HOW TO LOOK LIKE A PRO ON THE SKI SLOPES

Looking good on the slopes is an art that isn’t always easy to master! It involves more than skiing well, it is the small things, the inside knowledge, which make you look like a pro. 


We have put together some top tips to help you look like a pro on the slopes… 

Carrying your Skis 

The clearest sign of your level of skiing (apart from when you are actually skiing!) is how you carry your skis. To look like a pro, always carry your skis on your shoulder, with both parts of the binding behind your shoulder and your arm slung over the front. As well as looking cool, this is actually the easiest and most comfortable way to carry skis! 

Put your Skis on Smoothly 

If you do happen to have a tumble (I am sure no-one was watching!), then knowing how to put your skis back on smoothly is an important part of looking slick on the slopes. Firstly, make sure you de-snow the bottom of your ski boots by banging them with your ski poles, and also make sure there is no ice on them. Then check your bindings are clicked down, before putting your downhill ski on first, and then smoothly clipping into your second ski. 

Chairlift Entry and Exit

Getting on and off the chairlift is sometimes harder than it looks. I was once caught out in Whistler with new slippy pants, and as soon as I got on the lift, I slipped straight back off! It is a good idea to take your backpack off and have it on your knees, and always put the bar down. When getting off the lift, be aware of who else is on the lift with you, and exit the lift forwards, without making any sudden left or right turns. Also look out for rogue skiers or snowboarders who have fallen over on exit – and try and avoid them! 

Helmet and Glasses – Think Twice! 

The use of helmets has been rising for the last 10 years, with many people deciding that protecting their head is a good idea. The problem that then faces us is what eyewear to choose with our helmets? Although it may be tempting to wear glasses with your helmet, purely for fashion’s sake, I would say don’t! Goggles with your helmet looks way better… 

Mind the Gap 

Whilst continuing on the theme of eyewear and headwear, then beware of the gap! Whether you are wearing a helmet or hat, make sure you don’t have a gap between your headwear and your goggles.

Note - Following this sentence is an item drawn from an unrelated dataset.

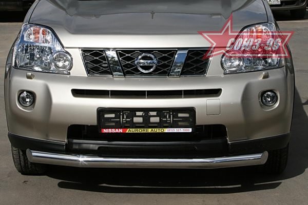 Защита переднего бампера d 76 (труба) на Ниссан Икс-Трейл (Nissan X-Trail 2007-2010)
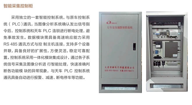 6、行車智控系統(tǒng):控制系統(tǒng)采用一體化模塊集成設(shè)計(jì), 通過各子系統(tǒng)信號(hào)采集及圖像分析進(jìn) 行智能處理,快速準(zhǔn)確判斷各功能模 塊的異,F(xiàn)象,與主機(jī)PLC控制系統(tǒng) 通訊連接具備自動(dòng)進(jìn)行報(bào)警、減速、斷電停車等功能,當(dāng)系統(tǒng)確認(rèn)發(fā)出信號(hào)指令后,控制系統(tǒng)和行車PLC連鎖進(jìn)行斷電處理,避免事故發(fā)生。

Not only does it compromise your ‘looking like a pro’ status, you may also end up with a pretty horrid looking red sunburn stripe on your forehead. 

 

Ski Pants and Boots

To avoid looking like a beginner, make sure you put your pants/ trousers over your ski or snowboard boots and not tucked into them. Although it may mean you can access your buckles more easily, it makes you look very un-pro like indeed! 

 

The Tuck

The schuss, or the tuck is a key part of skiing, making sure you glide quickly over the flats and avoiding a polling to get to the next piste or lift.  But how exactly should it be done? When getting into tuck position, make sure you stay low, tuck your poles under your arms and make sure they are not sticking up in the air. Then tuck your elbows in, and keep your hands in front of your face and wait for the leg burn. 

Iced Up 

When it is particularly cold the base of our skis or snowboard can sometimes get iced up, meaning you are going nowhere fast! It can often happens if you are standing around on your skis for a while, and you won’t know about it until you start to head off. If this happens, take your skis off, grab a credit card or something similar, and scrape off the ice, otherwise you will definitely not be skiing like a pro! 

Goggle Management 

On a powder day, all the pros will keep their goggles nice and warm and dry before they hit the slopes for the day. There is nothing worse than steamed up goggles even before you have started. So if you can, avoid wearing them on your walk to the lifts, then whip them out just before you hit the pow. Another top tip is to keep a second pair of goggles in your backpack.

 

Off-Piste 

If you fancy yourself as a bit of a freerider, then make sure you have the right kit to be hitting the powder. Any pro that dabbles in the off piste will be kitted out with an avalanche transceiver, shovel and probe – and will know how to use them.